The kind people at BananaPi are sending me one of their new BananaPi Zeros to test OH on. It is a pretty impressive little device (same form factor as a RPi Zero but runs a quad core A7 H2+ CPU 1.2 GHz versus the single core 1 GHz in the RPi Zero). So processor wise I’m thinking it will handle openHAB without problem. However, it only comes with 512M of RAM so I have my doubts it can handle OH in that regard.
But I would like to provide a useful write-up after I test which means I need to know more about how much RAM all of your setups are using so I can provide something along the lines of “If you have a simple setup with 5 or fewer add-ons it will work for you.”
So I’m asking everyone who is willing to please provide the following information if they are running on Linux:
How much memory is your OH using? (see note 1)

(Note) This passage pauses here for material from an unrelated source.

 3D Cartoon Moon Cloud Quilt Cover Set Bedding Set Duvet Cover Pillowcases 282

How many active bundles? (see note 2)
How many Items?
How many lines of Rules?
I’ll provide some commands you can run to get this information below.
This will print out the number of active bundles. Don’t worry, it will be a largish number as it counts way more than just installed add-ons.

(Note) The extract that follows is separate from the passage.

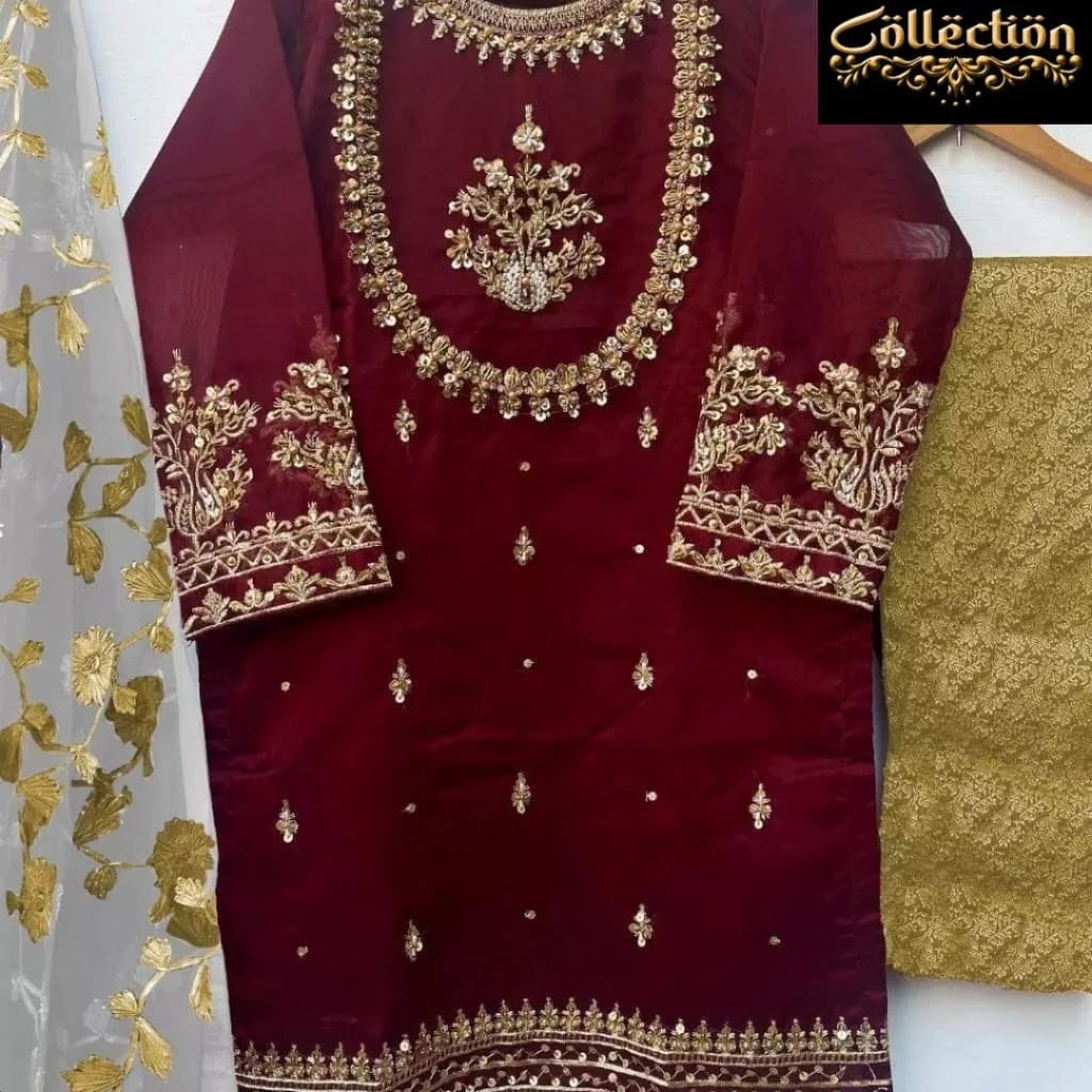 3Pcs Organza Embroidery Suit

This command also requires logging in to the Karaf console.
ssh -p 8101 openhab@localhost 'smarthome:items list | grep -c .*'
The number printed out will be the total number of Items
From the same machine OH is running
wc -l /etc/openhab2/rules/*.rules | tail -n 1
Use the location of your rules files if it is not in the standard ap-get/yum installed locations. The number printed out will be the total number of lines in all of your Rules files. This will include white space and comments.
Notes
I realize this is not an accurate measure of the actual amount of memory OH is actually using but it is close enough for my purposes.
This will list all the active bundles which include third-party bundles, the bundles that make up ESh and OH cores, and your installed add-ons.

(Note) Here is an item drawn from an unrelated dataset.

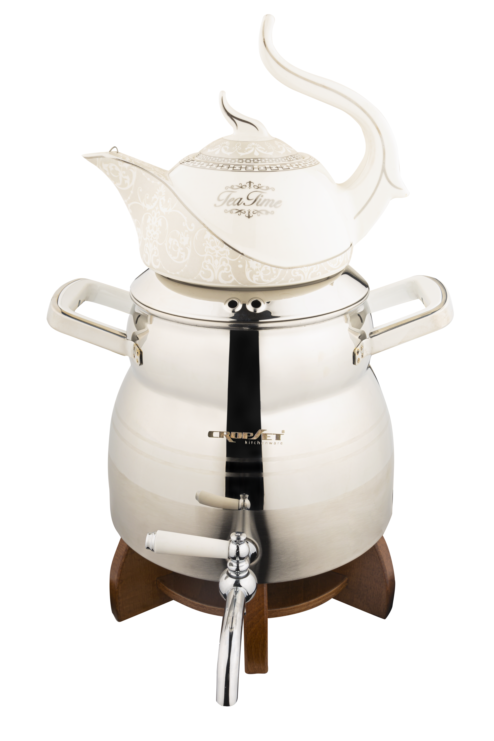 کتری و قوری استیل نقره ای براق کروپ ست مدل آوینا کد 203W با ظرفیت 5.5 لیتر به همراه یک پایه وارمر چوبی، یک ترکیب ایده آل، چشم نواز و درخشان برای مصرف روزانه خانواده های بزرگ و مهمانی ها است.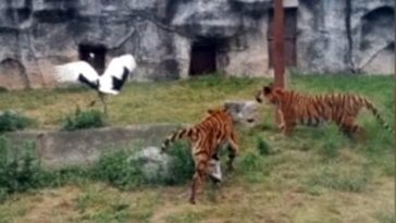 Crane Fearlessly Fights Off Two Tigers in Zoo

To get to Mb divide by 1024.
Thanks!
Edit: Noticed I was missing a digit in my memory report. No way is OH running in that little memory.
mmmhh would love to help you, but seems that I have trouble running your commands:
running OH2.2 latest snapshot on a NUC VM through Virtualbox; host and guest are running Ubuntu 16.04.3 LTS
output of memory usage is just a single comma
port option needs to be a small “p” for me, but even then number of bundles and items is given as “0"
Number of lines in rules is listed with " 372”, which sounds about reasonable…
I should have tested the ps commands on raspbian. It didn’t occur to me that ps would behave differently.
It is interesting how everyone running outside of Docker is using an order of magnitude less memory. ps must include the whole container’s environment or Docker grabs a bunch of virtual memory up front or something.
Using this command (with openhab) I get for the java running process a value of
511040
The entries for karaf (6536) , frontal (85724) and tail (5128) process are of no concern, I guess. I wondering where are they coming from. Old leftovers!
No, they are running on your machine. The amount of memory Karaf being used should be pretty much the same for everyone and I think that is really only the start script anyway. frontail and tail are showing up because they include the word “openhab” in their commands that started them. It is likely picking up on openhab.log.
I think the architecture has the biggest influence on this. When I run the openHAB demo (build #1082) in Docker or via an unpacked tar.gz on the same host (Ubuntu 16.04.3) the memory usage is more or less the same:
Docker:
14496504 kB
Unpacked tar.gz
14512820 kB
It’s even lower in Docker for me… but that will just be the error margin. With Docker the process will run using the same kernel. The virtualization penalty is very low. That is what makes container technology so popular.
Also, for these running in Docker… we can also run commands inside the Docker container. :-p
(Though I must admit I’m not sure exactly how ps reacts inside of a container…)
docker exec -it openhab /bin/bash
For me, the number is exactly the same as outside of the container.